3.06.2009

What is it that makes someone an American?

I would argue there are two traits that identify someone as an American perhaps more so than any others.

First, Americans possess a zeal for equality. The American experiment in ordered liberty is premised on natural or ontological equality. This equality-in-our-being was meant to be the moral basis for the democratic character of the American regime, but with time it has come to mean much more. The American Declaration tells us that we are "created equal". The archetypal American insists that since we are "created equal", no one really deserves more or less than anyone else, for this would violate our equality. Thus our material wealth comes to be seen as an accident of circumstance. The American argues that since we are "created equal", there is no good reason for there to be anything between us that is unequal. The egalitarian ideal is more beautiful to the American mind than anything else. Indeed, it may be all that the American mind can really see.

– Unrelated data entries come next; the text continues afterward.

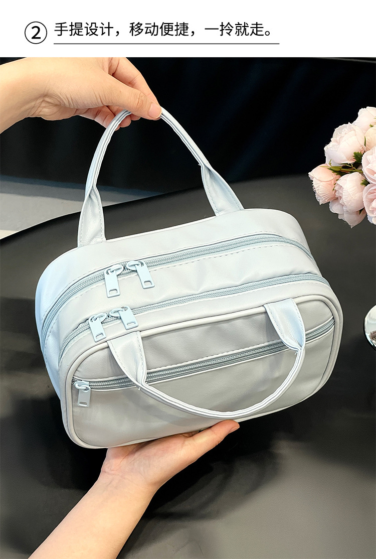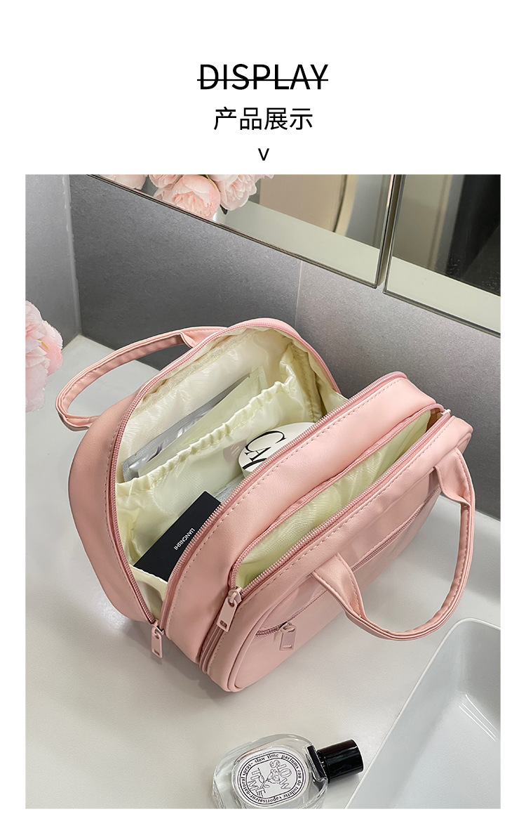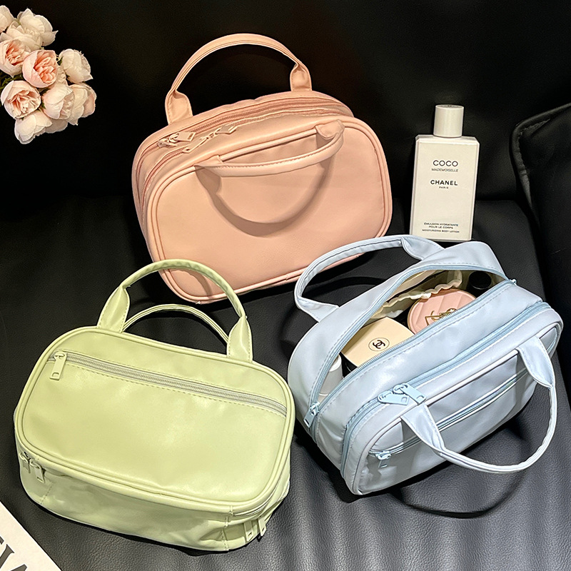 2024 nueva bolsa de maquillaje portátil PU de viaje portátil bolsa de almacenamiento de doble capa de gran capacidad bolsa de alta calidad
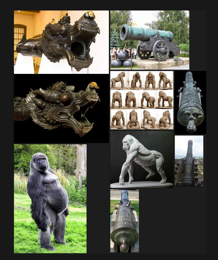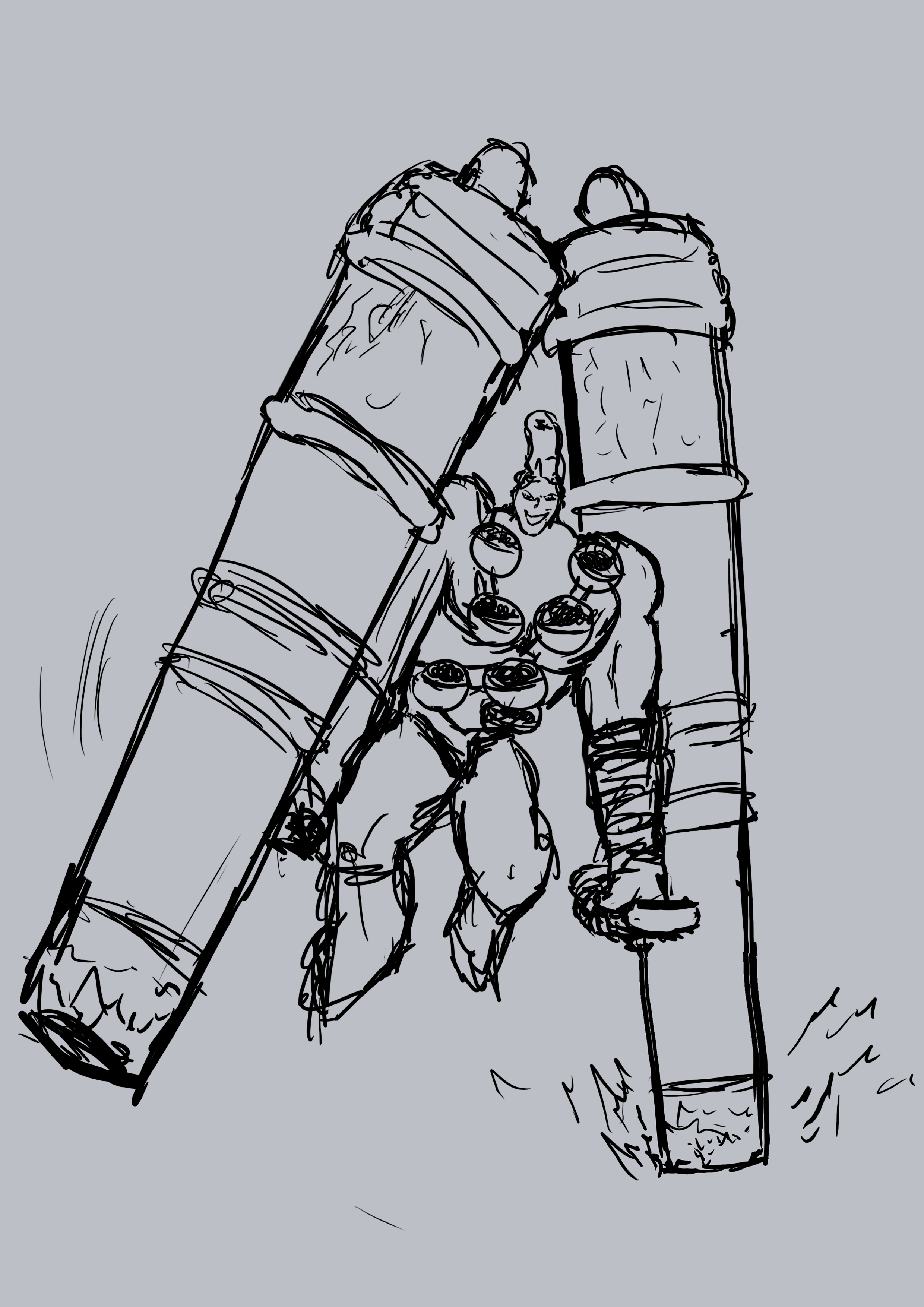 J'avance tout doucement, j'ai décider lui donner une morphologie de gorille vu que ses canons sont constamment accrocher à ses bras. Je ne sait toujours pas comment le mettre en scène dans une illustration, peut-être face à nous s'éloignant tranquillement d'un village portuaire qu'il vient de mettre en ruine
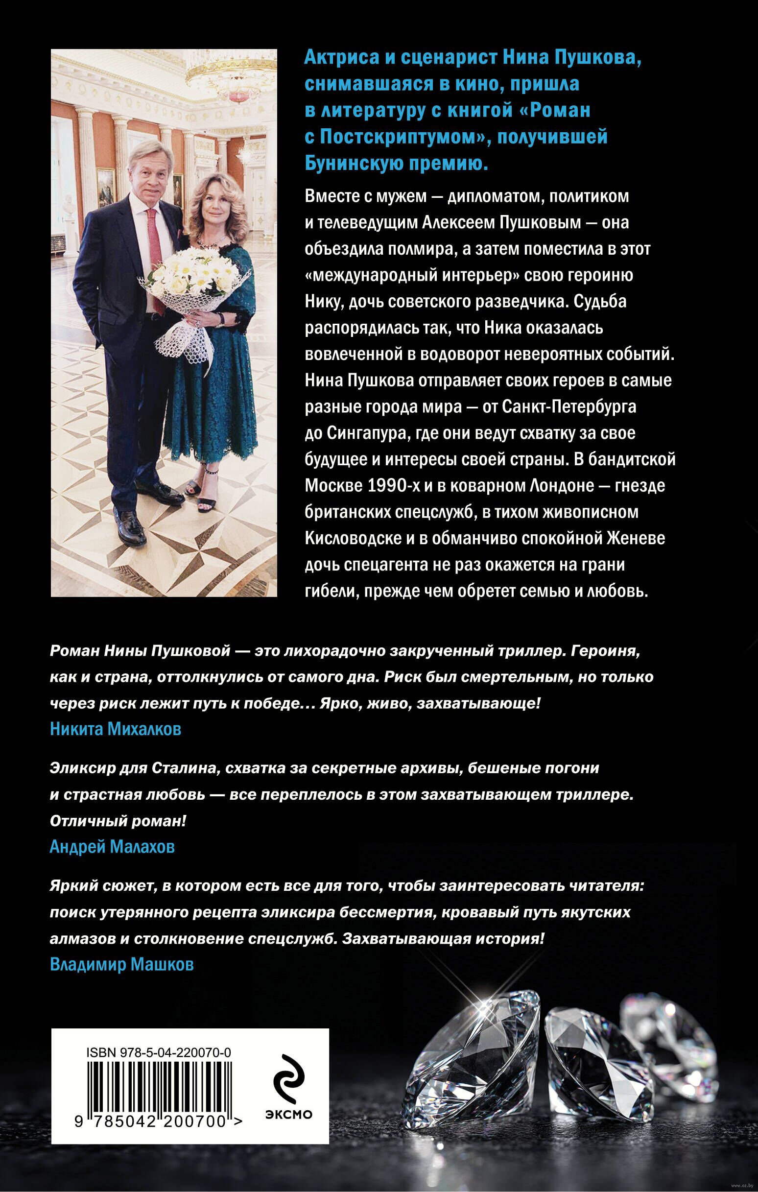 Спецагент разведки Сергей Францев вместе с дочерью Никой спешно покидают Лондон, оставляя за собой два трупа и идущий по следам Скотленд-Ярд. В России начала 90-ых, где царят большие деньги и кровавый хаос, кажется, легко затеряться. Но это иллюзия. От Лондона до Москвы, от Давоса до Токио, от Киева до Женевы идёт жестокая схватка за бесценные якутские алмазы и гонка за тайными архивами личного врача Сталина. На кону – не только победа, на кону сама жизнь. Об этом – в новом захватывающем романе Нины Пушковой, автора "Романа с Постскриптумом" и "Богини победы", переведённых в нескольких странах Европы.
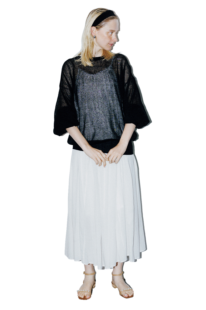 やわらかい白がほんのり透けることで、奥ゆかしさを生む。シアー素材で抜け感を出せるから、ボリュームワンピにレイヤードしても膨張を回避。

This American understanding of human nature has a direct application to politics. Quite simply, we think the purpose of government is to enact this equality.

From this first character trait flows a second - cosmopolitanism. Because of the intensity of belief in the equality of all things, Americans do not consider their location or physical surroundings much at all. Americans are citizens of the world. This belief can exist in a heightened form where the American will come to actively loathe the place they were born. Perhaps there is no greater (or simply more obvious) expression of cultural transcendence than an active hatred of one's own culture. This American desire for cultural transcendence will not be satiated by accepting membership in another living culture somewhere else; it will find its final form in the creation of an abstract, ideal community that will only actually exist in the American's mind. The mind is the only place the American can find refuge from the imperfections of a world that is so painfully unequal. Maybe this painful truth is what Tocqueville meant when he spoke of American individualism (and also the reason he said Americans are Cartesians without knowing it).

Paradoxically, American individualism, that is, our retreat into ourselves, is caused by our love of equality.